In the 1D setting, we identify three freezing regimes: a sub-critical (slow) freezing regime where a continuous ice domain is formed; a critical regime when self-similar profiles are determined explicitly; and a super-critical (fast) freezing regime leading to fractal-like structures. The main contribution of the work is the explicit characterization of the critical regime, which represents the transition between continuous and fractal freezing.
Based on the characterization of the critical regime, we give a structural understanding of supercritical (nucleation-dominated) freezing, and derive closed-form estimates of characteristic ice-domain length scales for the whole time-dependent freezing process. These latter estimates form the initial steps towards a more rigorous understanding of the link between freezing conditions and physical parameters for the resulting porous structure.

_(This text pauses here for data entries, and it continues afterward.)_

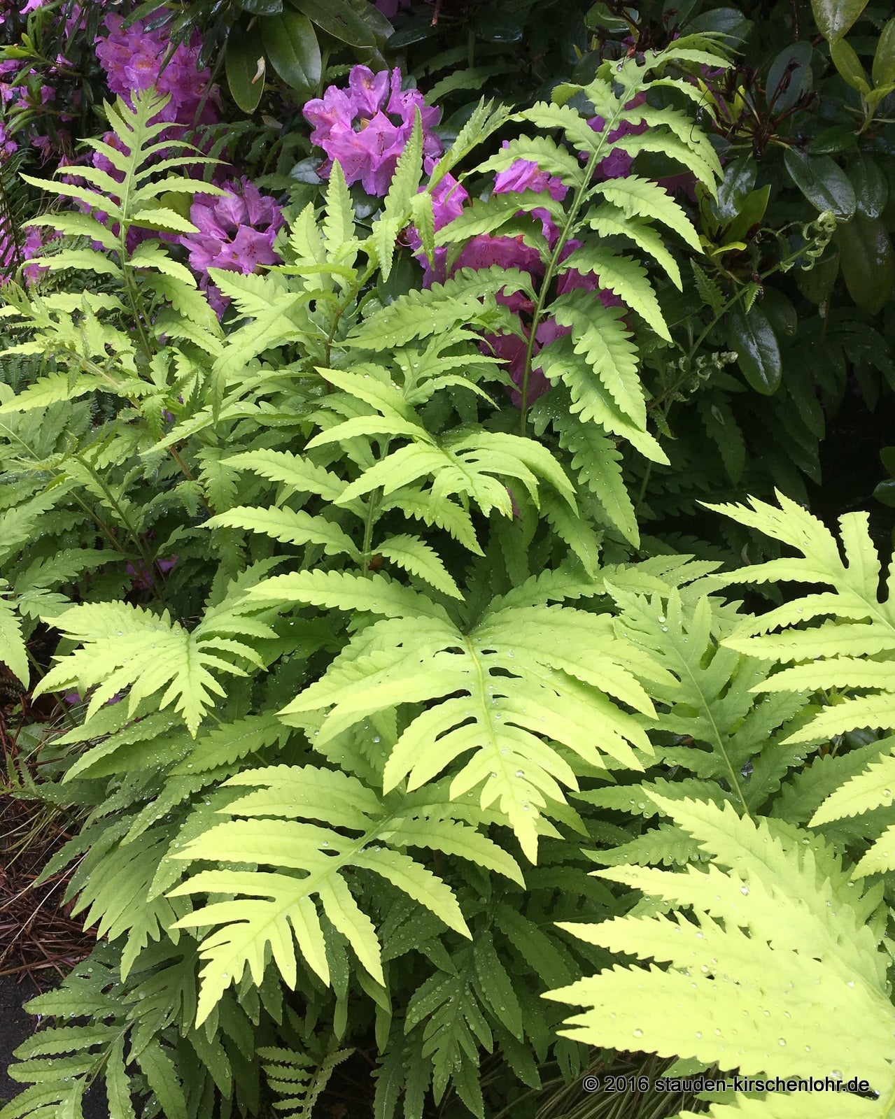 Grob gefiederte, hellgrüne Wedel mit gekerbtem Rand auf kriechendem Rhizom. Bildet Ausläufer. Liebt frische bis feuchte Böden. Sommergün.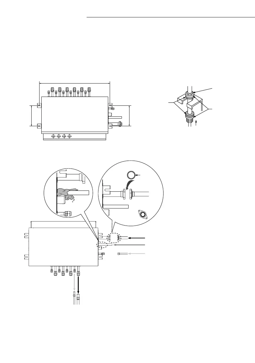 When xing the unit at the upper place using suspension bolts, use a nut and washer to vertically fasten the unit.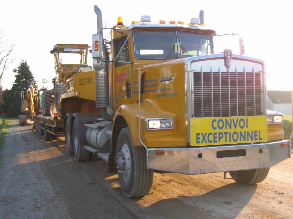 Semi surbaisée 4 éssieux avec une nivelleuse tirée par un tracteur Kenworth

A finite volume method is proposed for solving the moving-boundary models posed at the smallest scale. This numerical approach is used to verify the exact solution obtained in the critical regime. Under the fractal-behaviour conditions obtained in the super-critical regime, the numerical solution shows the expected nucleation process approaching a Cantor-set-like fractal structure.
Acknowledgements
S.A. thanks A. Kvashchuk for useful discussions during preparation of the manuscript and B. Balakin for helpful references. J.M.N. visited the Isaac Newton programme ‘Melt in the Mantle’ at Cambridge University while working on this manuscript. I.S.P. acknowledges support from the Akademia grant of Statoil and from the Research Foundation – Flanders FWO through the the Odysseus programme grant G0G1316N. The authors also acknowledge the feedback from the editor and reviewers that helped to improve the presentation of the paper.
Appendix A
This appendix presents the numerical method used to solve the model equations on the scale of a single brine domain. Also the method is verified against the self-similar solution obtained in the critical case.
A.1 Finite difference method
To obtain a numerical solution for the 1D model in § 2 we have modified a standard finite volume method with an explicit Euler time stepping.
Due to the ice domains acting as barriers, the scheme only needs to account for a single brine domain – multiple domains are handled by recursively calling new instances of the scheme. It is therefore sufficient for the numerical method to handle (i) diffusion of salt in the brine phase, (ii) motion of ice interfaces and (iii) nucleation events. The diffusion of salt in the brine phase is standard and will not be discussed further.
The motion of ice interfaces is necessary to resolve on a sub-grid scale. Thus, as indicated in figure 10, the ice domain is permitted to partially enter cells and these cells thus have an internal variable indicating the ice content. It is important to note that the boundary cells have a prescribed salt concentration and it is imperative that the mass balance relations for diffusion out of the boundary cell is solved together with the propagation of the ice boundary. The scheme allows for the ice to completely fill a cell during a time step and continue into the neighbouring cell. In that case an additional cell is used for finite difference stencil computation.
Finally, nucleation events are explicitly resolved. Whenever the nucleation limit is reached in a cell, the domain is split at the cell interface. The scheme chooses the interface that is the closest to the minimum of interpolated concentration. Starting from the next step the regions are treated independently.